40. the method for claim 39, wherein molecules of interest is selected from protein, nucleotide sequence, small molecules chemical reagent and ion.
41. the method for claim 39, wherein the purpose target cell is selected from eukaryotic cell, prokaryotic cell prokaryocyte and virocyte.
42. the method for claim 39, wherein said at least a part is selected from the substrate and the enzyme of somatomedin, hormone, nucleotide sequence, antibody, epitope mark, avidin, vitamin H, enzyme.
43. the method for claim 39, wherein said at least a part is attached to described at least a coordination part through joint.

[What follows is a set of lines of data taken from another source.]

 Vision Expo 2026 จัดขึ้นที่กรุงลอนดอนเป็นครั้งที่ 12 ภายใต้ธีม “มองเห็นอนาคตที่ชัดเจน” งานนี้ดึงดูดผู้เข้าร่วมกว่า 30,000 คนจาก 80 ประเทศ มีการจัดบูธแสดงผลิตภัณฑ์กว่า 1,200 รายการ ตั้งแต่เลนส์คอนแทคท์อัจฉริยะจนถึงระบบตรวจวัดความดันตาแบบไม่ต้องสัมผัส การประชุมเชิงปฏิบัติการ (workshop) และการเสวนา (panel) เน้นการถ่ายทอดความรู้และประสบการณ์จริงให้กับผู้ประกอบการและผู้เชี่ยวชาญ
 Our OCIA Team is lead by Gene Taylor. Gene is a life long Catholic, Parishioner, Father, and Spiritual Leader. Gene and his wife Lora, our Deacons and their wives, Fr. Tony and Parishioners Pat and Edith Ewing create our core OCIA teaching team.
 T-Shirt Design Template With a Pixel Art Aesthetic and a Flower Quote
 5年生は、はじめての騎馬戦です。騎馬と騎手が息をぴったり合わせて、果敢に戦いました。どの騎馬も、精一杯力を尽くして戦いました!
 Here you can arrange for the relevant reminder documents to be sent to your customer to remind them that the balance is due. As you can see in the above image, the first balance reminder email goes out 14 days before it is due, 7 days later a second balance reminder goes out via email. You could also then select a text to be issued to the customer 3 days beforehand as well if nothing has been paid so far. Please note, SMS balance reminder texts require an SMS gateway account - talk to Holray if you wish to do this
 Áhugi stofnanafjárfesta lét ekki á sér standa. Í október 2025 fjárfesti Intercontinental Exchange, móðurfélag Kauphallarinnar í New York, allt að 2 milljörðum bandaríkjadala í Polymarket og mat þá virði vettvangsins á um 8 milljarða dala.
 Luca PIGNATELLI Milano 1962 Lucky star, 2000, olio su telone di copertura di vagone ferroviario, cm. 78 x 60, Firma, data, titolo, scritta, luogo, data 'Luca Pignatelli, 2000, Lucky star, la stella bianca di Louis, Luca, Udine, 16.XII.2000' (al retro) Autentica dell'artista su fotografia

44. the method for claim 39, wherein said coordination partly are selected from sequestrant, vitamin H, nucleotide sequence, epitope mark, electron deficiency molecule and electron rich molecule.

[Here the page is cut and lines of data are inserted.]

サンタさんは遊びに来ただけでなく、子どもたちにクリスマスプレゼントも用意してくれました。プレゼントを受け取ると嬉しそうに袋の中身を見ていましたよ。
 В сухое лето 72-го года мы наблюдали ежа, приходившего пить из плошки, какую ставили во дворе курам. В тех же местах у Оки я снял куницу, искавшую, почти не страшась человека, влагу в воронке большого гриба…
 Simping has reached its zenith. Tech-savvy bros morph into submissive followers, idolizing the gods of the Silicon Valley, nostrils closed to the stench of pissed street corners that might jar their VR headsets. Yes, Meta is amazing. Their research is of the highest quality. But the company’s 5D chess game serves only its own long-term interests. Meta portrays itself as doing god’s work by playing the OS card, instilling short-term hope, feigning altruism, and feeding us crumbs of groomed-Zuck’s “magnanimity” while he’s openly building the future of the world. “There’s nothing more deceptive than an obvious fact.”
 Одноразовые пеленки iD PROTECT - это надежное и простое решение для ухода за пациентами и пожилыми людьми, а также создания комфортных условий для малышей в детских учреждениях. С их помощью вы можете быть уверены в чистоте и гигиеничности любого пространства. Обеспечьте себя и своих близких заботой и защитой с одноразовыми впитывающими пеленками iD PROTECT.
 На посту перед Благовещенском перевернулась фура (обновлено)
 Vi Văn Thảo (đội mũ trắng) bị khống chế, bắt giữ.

45. the method for claim 39, wherein said ligand lewis' acid is selected from metal, avidin, nucleotide sequence, electron deficiency molecule and electron rich molecule.
46. an immunogenic method that strengthens the purpose target molecule, this method comprise the purpose target molecule is contacted with a kind of composition, said composition comprises:

(i) part of at least a energy binding target molecule or purpose cell, described at least a part is attached at least a coordination part; With

(ii) can non--covalent attachment the ligand of described at least a coordination part,

Wherein contact the mixture that makes described at least a coordination part and the formation of coordination physical efficiency comprise the purpose target molecule, strengthen the immunogenicity of purpose target molecule thus.
47. the method for claim 46, wherein molecules of interest is selected from protein, nucleotide sequence, small molecules chemical reagent and ion.
48. the method for claim 46, wherein said at least a part is selected from the substrate and the enzyme of somatomedin, hormone, nucleotide sequence, antibody, epitope mark, avidin, vitamin H, enzyme.
49. the method for claim 46, wherein said at least a part is attached to described at least a coordination part through joint.
50. the method for claim 46, wherein said coordination partly are selected from sequestrant, vitamin H, nucleotide sequence, epitope mark, electron deficiency molecule and electron rich molecule.
51. the method for claim 46, wherein said ligand lewis' acid is selected from metal ion, avidin, nucleotide sequence, electron deficiency molecule and electron rich molecule.